When we started our study, YOLOv4 (2020) was one of the most productive neural networks for object detection. We tested several neural networks from the MS COCO (2017) set of 127 287 images and found YOLOv4 to be the most efficient. Its algorithm works twice as fast as EfficientDet, one of the most accurate models. Compared to the earlier version (YOLOv3), the Average Precision metric and performance (FPS) of YOLOv4 have been improved by 10 and 12%, respectively [28]. Therefore, YOLOv4 was used as a platform for creating an Artemeter-1 robot for counting organisms.

We aimed to study the effectiveness of a new pro-biotic preparation based on a consortium of rhizosphere strains Bacillus toyonensis B-13249 and Bacillus pu-milus B-13250 for the incubation of Artemia franciscana cysts. We also explored a possibility of using a counter robot based on a convolutional neural network for fast automatic counting of cysts, nauplii, and embryos after decapsulation.

STUDY OBJECTS AND METHODS

Microorganisms in probiotics. A probiotic was based on two strains of spore bacteria from the collection of the Prombiotech Engineering Center. Both strains are patented and deposited in the Russian National Collection of Industrial Microorganisms. They were isolated in 2017 (Novye Zori village, Altai Krai, Russia). The Bacillus toyonensis B-13249 strain was isolated from the rhizosphere of the genus Helianthus, while the Bacillus pumilus B-13250 strain was isolated from the rhizosphere of the Cichorium genus.

These strains form oval spores located terminally or subterminally and withstand heating at 80°C for 30 min. The morphology of their colonies is shown in Fig. 1.

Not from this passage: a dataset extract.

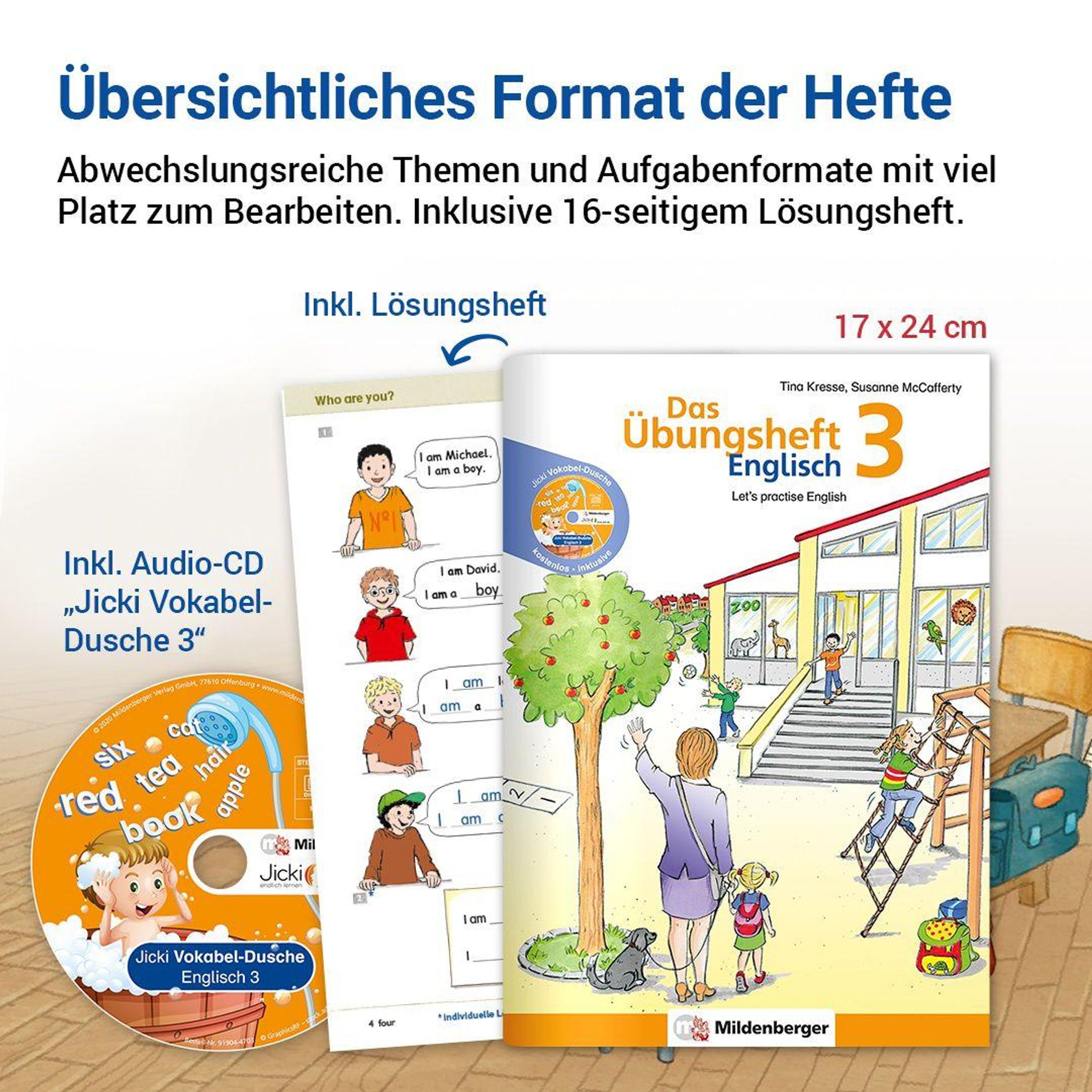 - 64 S., Gh, 17 x 24 cm, vierf., mit Kartonbeilage, Stickerbogen und Lösungsheft, mit Audio-CD "Jicki Vokabel-Dusche 3"

Culture media for probiotic production. A pilot batch of probiotics was prepared using the following culture media:

1. Solid L(Luria)-medium for counting bacteria;

2. Liquid L-medium for cultivating the inoculum in flasks;

3. Endo medium for checking the samples for coliform bacteria;

4. A protective (cryoprotective) medium for protecting cells and spores during the freezing period; and

5. A fermentation (molasses-corn) medium used as the main nutrient medium in the fermentation apparatus.

a b

Figure 1 Colony morphology of the strains on L-medium

(10x): a - Bacillus toyonensis B-13249; b - Bacillus pumilus B-13250

Figure 2 Incubation cones with Artemia cysts

A pilot batch of probiotics. A pilot batch of probiotics to be tested on Artemia crustaceans was produced at the Prombiotech Engineering Center (Barnaul, Russia), using the technology developed by this institution earlier [29].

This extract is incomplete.